We show how the maximum magnitude within a predefined future time horizon may be estimated from an earthquake catalog within the context of Gutenberg-Richter statistics. The aim is to carry out a rigorous uncertainty assessment, and calculate precise confidence intervals based on an imposed level of confidence a. In detail, we present a model for the estimation of the maximum magnitude to occur in a time interval T-f in the future, given a complete earthquake catalog for a time period T in the past and, if available, paleoseismic events. For this goal, we solely assume that earthquakes follow a stationary Poisson process in time with unknown productivity Lambda and obey the Gutenberg-Richter law in magnitude domain with unknown b-value.

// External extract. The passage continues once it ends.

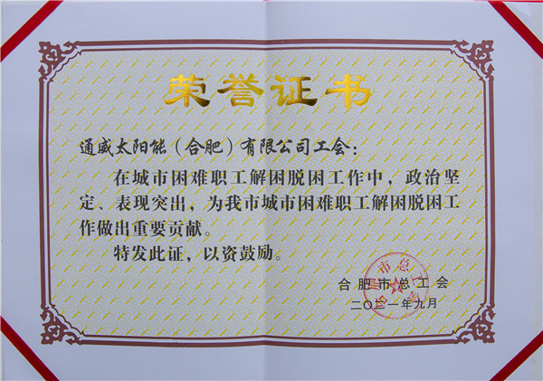 通威太陽能合肥基地工會榮獲“合肥市城市困難職工解困脫困工作中做出重要貢獻(xiàn)的集體”稱號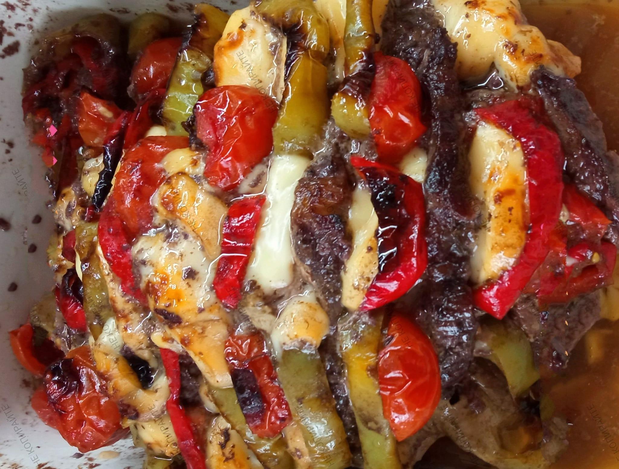 Χοιρινo με καπνιστό τυρί, ντομάτες και πιπεριές

The random variables. and b are estimated by means of Bayes theorem with noninformative prior distributions. Results based on synthetic catalogs and on retrospective calculations of historic catalogs from the highly active area of Japan and the low-seismicity, but high-risk region lower Rhine embayment (LRE) in Germany indicate that the estimated magnitudes are close to the true values. Finally, we discuss whether the techniques can be extended to meet the safety requirements for critical facilities such as nuclear power plants. For this aim, the maximum magnitude for all times has to be considered. In agreement with earlier work, we find that this parameter is not a useful quantity from the viewpoint of statistical inference.